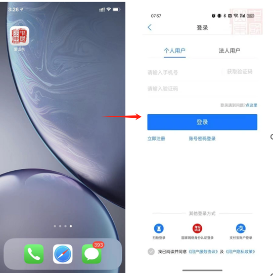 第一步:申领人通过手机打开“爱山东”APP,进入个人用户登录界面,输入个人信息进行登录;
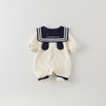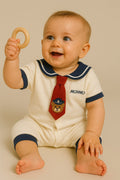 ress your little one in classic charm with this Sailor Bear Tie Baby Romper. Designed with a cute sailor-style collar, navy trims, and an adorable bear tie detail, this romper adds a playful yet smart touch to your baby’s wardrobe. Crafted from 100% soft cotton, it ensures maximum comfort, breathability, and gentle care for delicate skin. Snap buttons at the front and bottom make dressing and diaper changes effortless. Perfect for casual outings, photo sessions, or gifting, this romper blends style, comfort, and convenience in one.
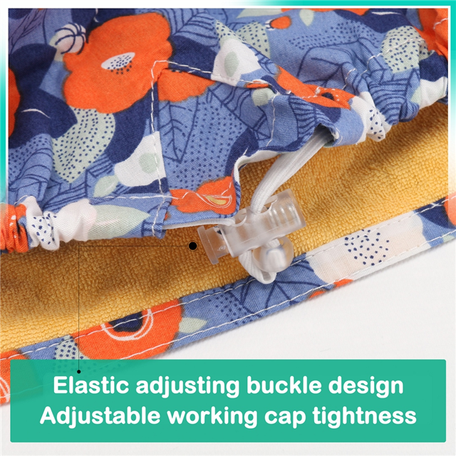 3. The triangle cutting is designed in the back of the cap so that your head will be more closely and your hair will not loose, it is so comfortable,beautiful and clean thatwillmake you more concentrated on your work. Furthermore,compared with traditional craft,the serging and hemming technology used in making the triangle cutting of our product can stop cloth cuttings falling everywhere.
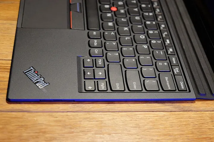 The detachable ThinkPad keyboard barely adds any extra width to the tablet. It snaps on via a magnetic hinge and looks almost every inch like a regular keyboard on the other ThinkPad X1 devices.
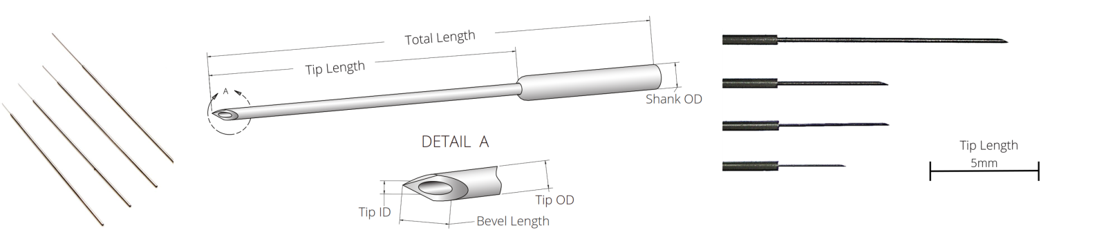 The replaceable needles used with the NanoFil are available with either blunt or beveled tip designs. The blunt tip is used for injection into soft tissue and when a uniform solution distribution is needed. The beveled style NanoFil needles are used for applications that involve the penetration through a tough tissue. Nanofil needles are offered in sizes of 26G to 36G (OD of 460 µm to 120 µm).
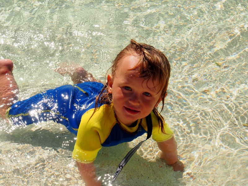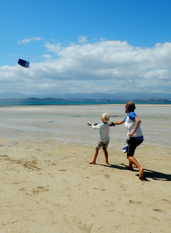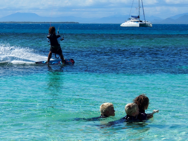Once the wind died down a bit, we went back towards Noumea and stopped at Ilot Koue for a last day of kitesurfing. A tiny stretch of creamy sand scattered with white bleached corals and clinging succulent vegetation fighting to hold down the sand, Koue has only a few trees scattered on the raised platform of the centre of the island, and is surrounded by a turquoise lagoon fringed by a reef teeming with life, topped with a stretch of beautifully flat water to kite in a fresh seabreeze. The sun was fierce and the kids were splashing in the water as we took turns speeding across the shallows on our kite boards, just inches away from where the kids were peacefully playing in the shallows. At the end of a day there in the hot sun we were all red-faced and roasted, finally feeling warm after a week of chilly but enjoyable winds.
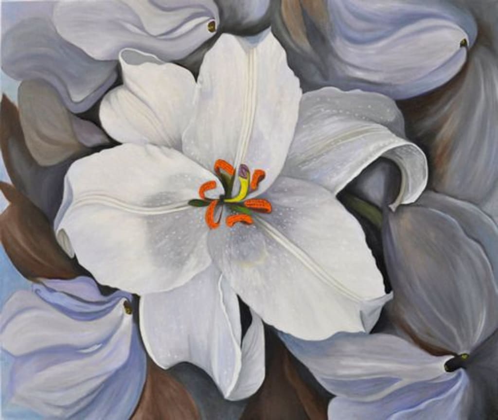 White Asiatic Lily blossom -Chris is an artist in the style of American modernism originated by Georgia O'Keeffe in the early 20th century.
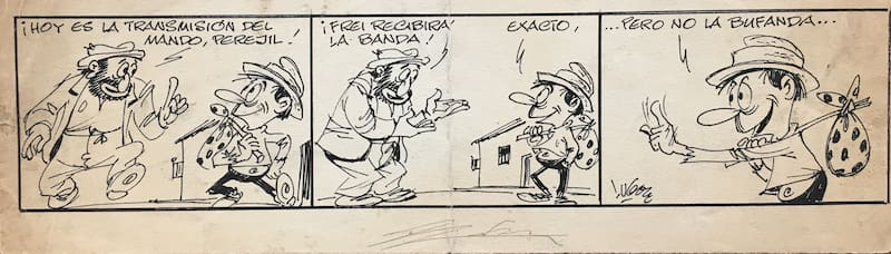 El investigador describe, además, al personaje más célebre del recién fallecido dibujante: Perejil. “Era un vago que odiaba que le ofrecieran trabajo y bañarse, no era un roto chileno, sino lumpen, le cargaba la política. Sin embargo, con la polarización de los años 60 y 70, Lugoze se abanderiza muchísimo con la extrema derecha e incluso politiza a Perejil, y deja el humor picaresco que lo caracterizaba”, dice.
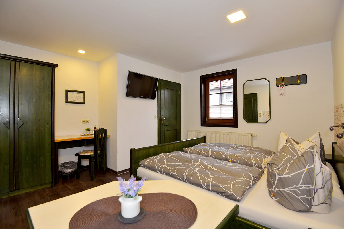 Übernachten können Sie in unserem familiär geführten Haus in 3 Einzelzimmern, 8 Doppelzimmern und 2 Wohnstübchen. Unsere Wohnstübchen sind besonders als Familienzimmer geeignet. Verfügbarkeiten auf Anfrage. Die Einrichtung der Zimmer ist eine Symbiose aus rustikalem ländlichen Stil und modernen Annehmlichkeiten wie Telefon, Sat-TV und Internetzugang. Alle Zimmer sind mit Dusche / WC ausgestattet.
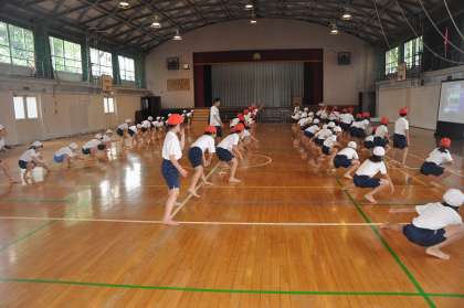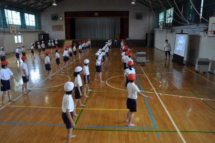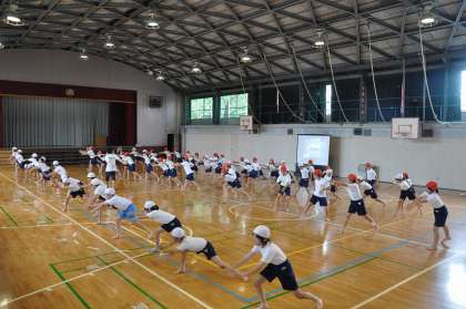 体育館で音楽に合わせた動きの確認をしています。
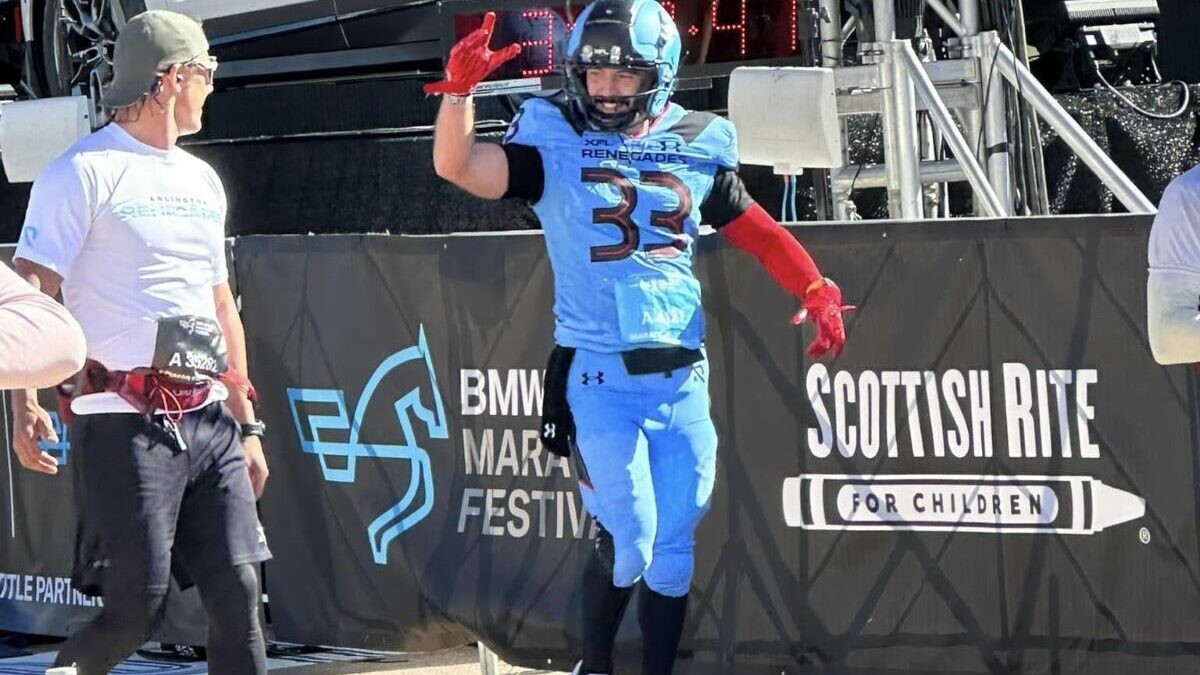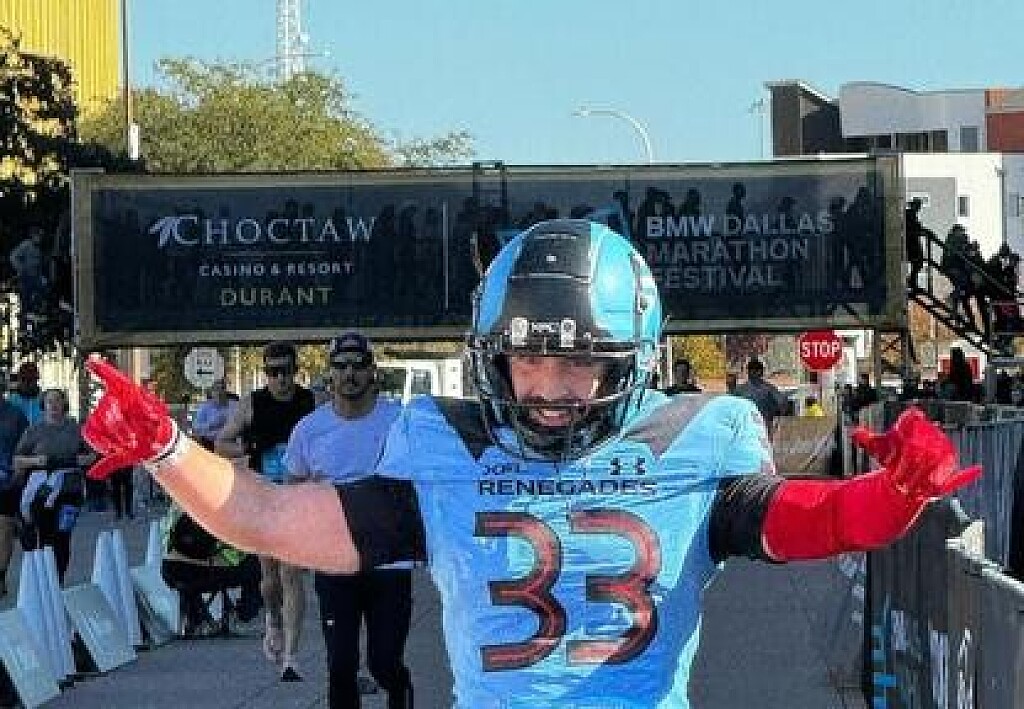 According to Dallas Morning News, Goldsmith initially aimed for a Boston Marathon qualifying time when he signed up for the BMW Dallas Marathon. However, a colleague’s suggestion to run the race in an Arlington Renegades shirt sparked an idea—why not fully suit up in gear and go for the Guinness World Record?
* * *
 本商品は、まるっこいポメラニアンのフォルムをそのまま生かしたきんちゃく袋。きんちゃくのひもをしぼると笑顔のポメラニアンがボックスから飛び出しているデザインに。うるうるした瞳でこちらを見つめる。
...
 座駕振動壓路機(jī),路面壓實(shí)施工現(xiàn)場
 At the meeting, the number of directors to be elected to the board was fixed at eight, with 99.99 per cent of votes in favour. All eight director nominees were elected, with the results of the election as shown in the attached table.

[Assignment]
From the records above, copy out the line with "座駕振動壓路機(jī),路面壓實(shí)施工現(xiàn)場", the line with "At the meeting, the", and every line between them, word for word.

[Response for this exercise]
 座駕振動壓路機(jī),路面壓實(shí)施工現(xiàn)場
 At the meeting, the number of directors to be elected to the board was fixed at eight, with 99.99 per cent of votes in favour. All eight director nominees were elected, with the results of the election as shown in the attached table.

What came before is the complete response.